Often, the standup meeting takes place well after the time I’ve arrived at work.  It can take quite a bit of time to “prime the pump” and work efficiently.  Human beings do not deal well with interruptions and context switching.  While these goals are good, are there different, more efficient ways of dealing with them?

Sharing commitment

When I’ve worked with a strong, motivated team, shared commitment came naturally.  Everyone had a shared goal of moving stories to production in the shortest time possible.  Everything else that did not add value to that process was superfluous to that goal.

When our team did not have shared commitment, there were often larger issues at play.  It could be that the goals were not effectively communicated from management.  It could be that work habits were not in tune.  But often I’ve seen people shy away from the individual commitments that a stand-up brings.  You can say it’s a shared commitment, but that’s tough to do psychologically when the questions answered are centered around “I”.  What did “I” do yesterday.  What will “I” accomplish today, and so on.

Instead, I’ve seen that when a commitment made to the team isn’t met, when a mini-deadline is given, the person is often left in a negative, defensive position when the commitment isn’t met for whatever reason.

Communicate status, progress and plans

This can ALL be accomplished with a single, visible, shared and open story wall.  A story wall is a place where you can visually see where a story is in the overall process.  Ideally, the story wall is physical (or at least very visible to everyone).

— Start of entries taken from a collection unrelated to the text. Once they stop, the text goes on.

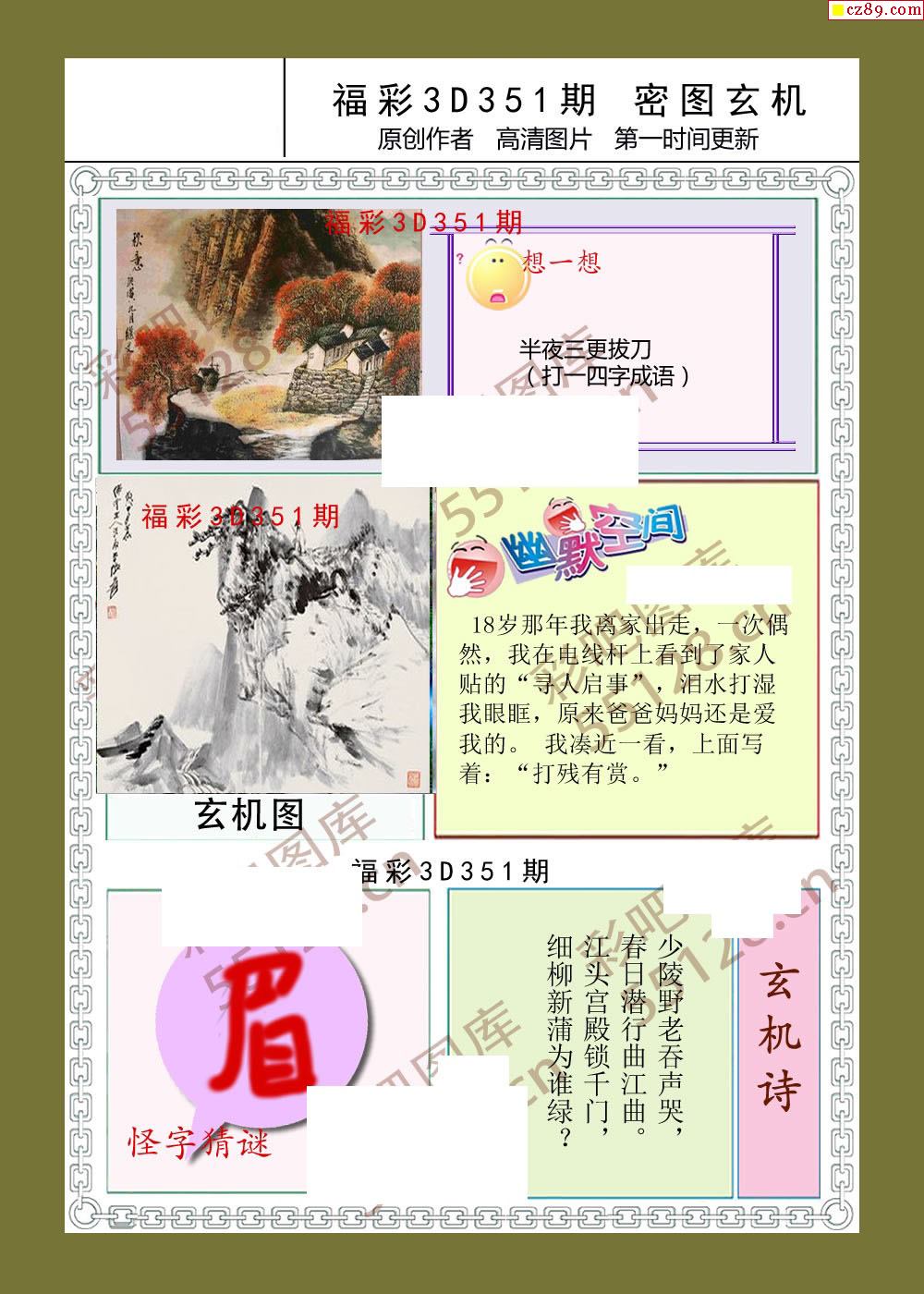 首页 > 福彩3D图谜 > 密图玄机351期福彩3d字画谜
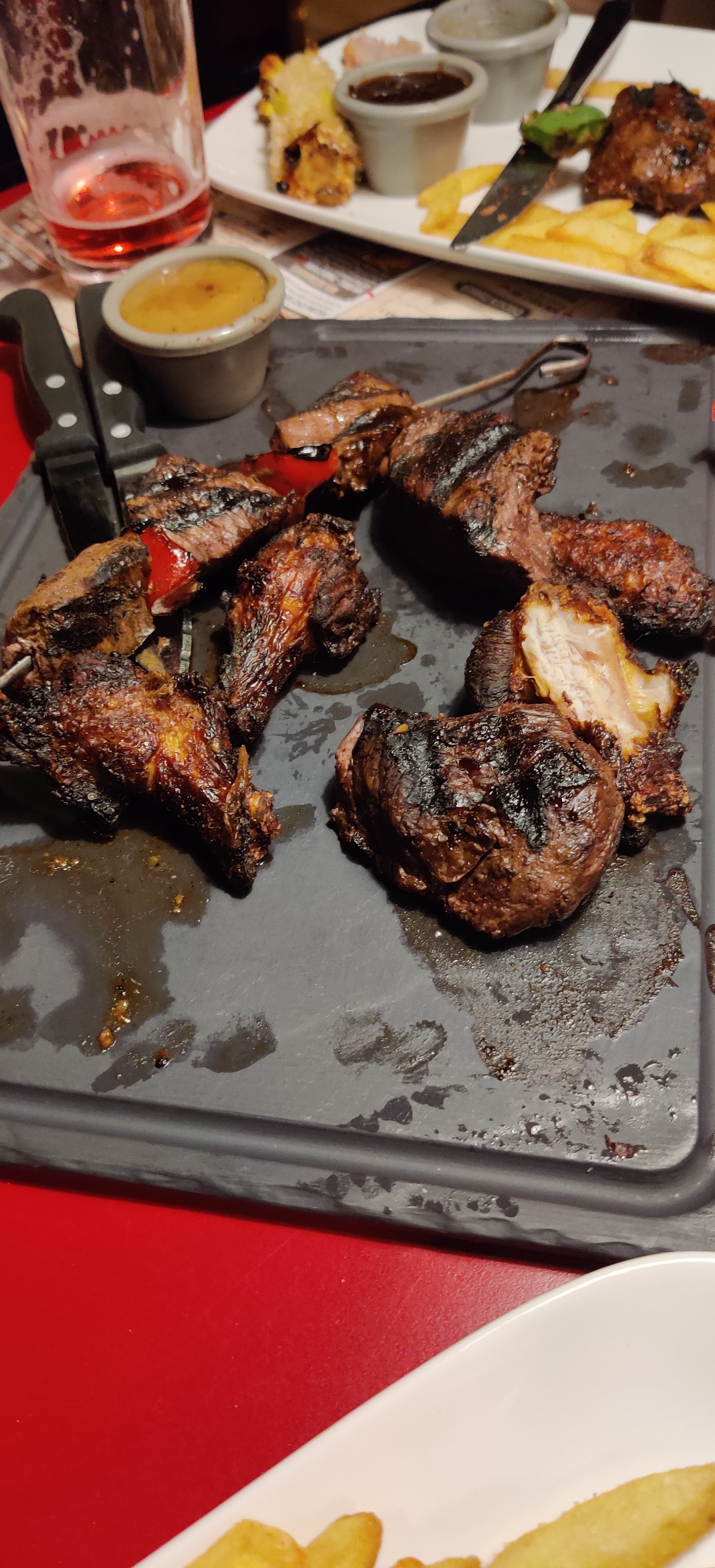 En groupe de 6 adultes arrivés un peu avant 22h, on a bien reçu notre salade de bienvenue rapidement. Mais l'attente pour le repas était plutôt long. Repas arrivés, plusieurs viandes étaient noircies parce qu'on a demandé une cuisson Bien cuite ! Or on avait bien précisé que la viande ne soit pas brûlée. Malheureusement notre précision n'a pas été prise en compte. Avec le fait d'avoir déjà trop attendu on a juste fait refaire les viandes trop cramées sinon franchement on aurait retourné tout le plat. Si la cuisson Bien cuite doit correspondre à du cramé autant prévenir les clients. Le responsable a été compréhensif et a refait les viandes mais on retse déçu car on avait quand même attiré l'attention pour éviter que ça arrive. (En photo les viandes noircies et à côté celles refaites)
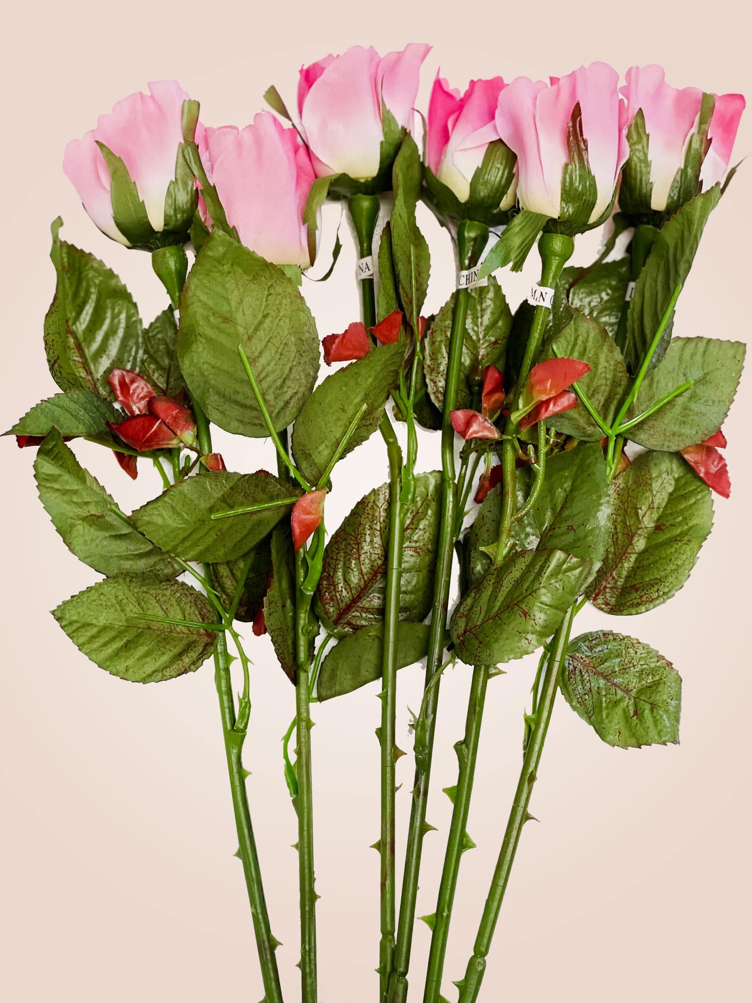These roses feature a mesmerizing gradient of colors, transitioning from a cool yellow at the base to a soft pink at the edges. The petals are velvety and full, their vibrant hues reminiscent of a romantic sunset. With glossy green foliage complementing the blooms, this arrangement captures a sense of passion and warmth, perfect for uplifting any setting.

All three of these items can be seen from a single story board.  Status is just where the story is in the pipeline.  Progress is how far it is along the journey, along with how long it’s been in the current bucket.  Planned work is simply the stories queued up.

Whenever status changes on a story, we move the story from phase to phase.  Whenever anyone wants to know where a story is, they can just look at the wall.  We initial our stories for who’s working on them, so if anyone wants to know more detailed status, they can go ask the individual person currently working on the story.

Identify obstacles

Again, why wait to bring up a blocking issue?  In our story board, we visually indicated a story was blocked by placing it either in a “blocked” bucket at the bottom, or placing a red Post-It note on it.  It was up to the person with the blocked story to communicate with the correct people, as soon as possible.

Set direction and focus

This could be another one of those cases where management should take care of this one.  The direction is to finish stories.  The focus is to finish the story you’re working on.  If you’re done with a story, pick up a new one.

If the process flow is clearly laid out, there really shouldn’t be a question of direction or focus.  For things like product direction, is this something that’s supposed to be communicated on a daily basis?

Build a team

I do admit, daily stand-ups do help build a team.  But for us, it was the shared conversation of how little value we were getting out of our stand-ups any more, besides just observing patterns in other’s daily reports.

I’m just not sure it’s worth stopping the entire line for 10-20 minutes every day to achieve this goal.  There are much more targeted ways for building a team other than a daily stand-up.  Like office Nerf wars, for example.

Achieving the goals

Daily stand-ups are a good way to meet the goals of a daily stand-up.  But that doesn’t mean it’s the only way.  As with any process, it’s important to constantly re-evaluate what the goals and values are, and how they relate back to the ultimate goal of the project.  If the goals are important, we should try to work to the most efficient means of achieving those goals.

For us, moving towards a lean-oriented approach, with a pull-based system, big visible story board, and keeping information visible to all achieved these goals in a more efficient manner.  That’s not to say that daily stand-ups are never a good idea, but I think it’s important to always evaluate the project activities to determine if there are other ways to meet the same goals.  Often, daily stand-ups are the most efficient means to achieve these goals.  In many other cases, it’s not.